Posted by Steve Birenberg at February 29, 2008 11:47 AM in CETV
With the 300 point drop in the Dow on Friday,the s/p and Dow failed at there 50 dayma and the weekly and monthly macd remained in NEGATIVE TERRITORY CONSISTENT WITH A BEAR MARKET.The odds of the market in general and high beta stocks[e.g cetv/micc etc.] in particular doing terrible things[like retesting or even making new lows] near term seem to have just increased.
What are your thoughts in this regard?
How long do you think this horrible market will last?Are there any reasonable ways to make money in this market?
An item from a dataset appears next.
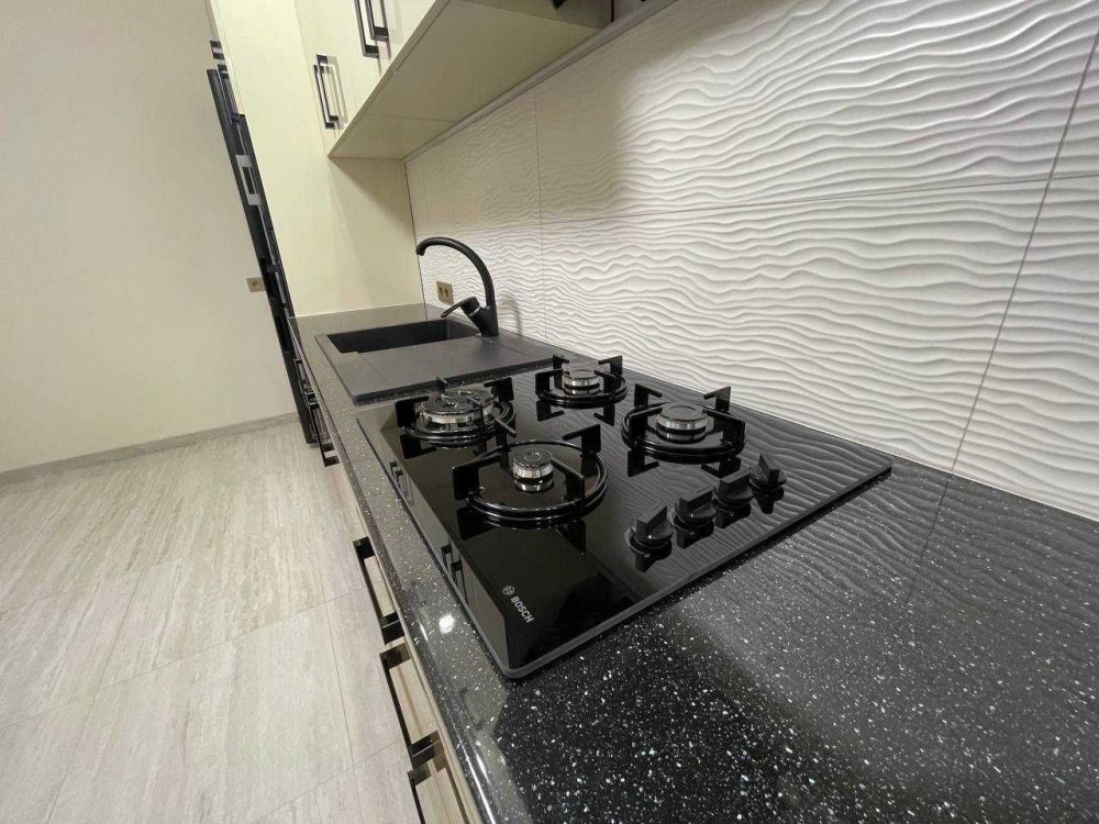 Кухня з комплектацією: холодильник, мікрохвильова піч, духова піч, варильна газова поверхня, витяжка

Friday's action doesn't change my outlook. I still think it will be hard to make money on the long side until late this year. I still think that there is a reasonable possibility that the market could break to severe new lows. I still think that starting late this year there will be a major bull market. I think the S&P 500 will hold at the yearlylows of 1270 if I had to make a bet.
The only way to make money is to day trade long AND short with wide stops. That is a dangerous and difficult strategy. What most people should do is us strength to cut back positions, trade less, and trade in smaller sizes than usual.
If we get a bad bear market from here then CETV and MICC will make severe new lows. However, as long as fundamentals remain as good as they are now the stocks will come back and make significant new highs. As I like to say, hold high beta if you can sleep at night when they are falling. IF not then you got to own less high beta.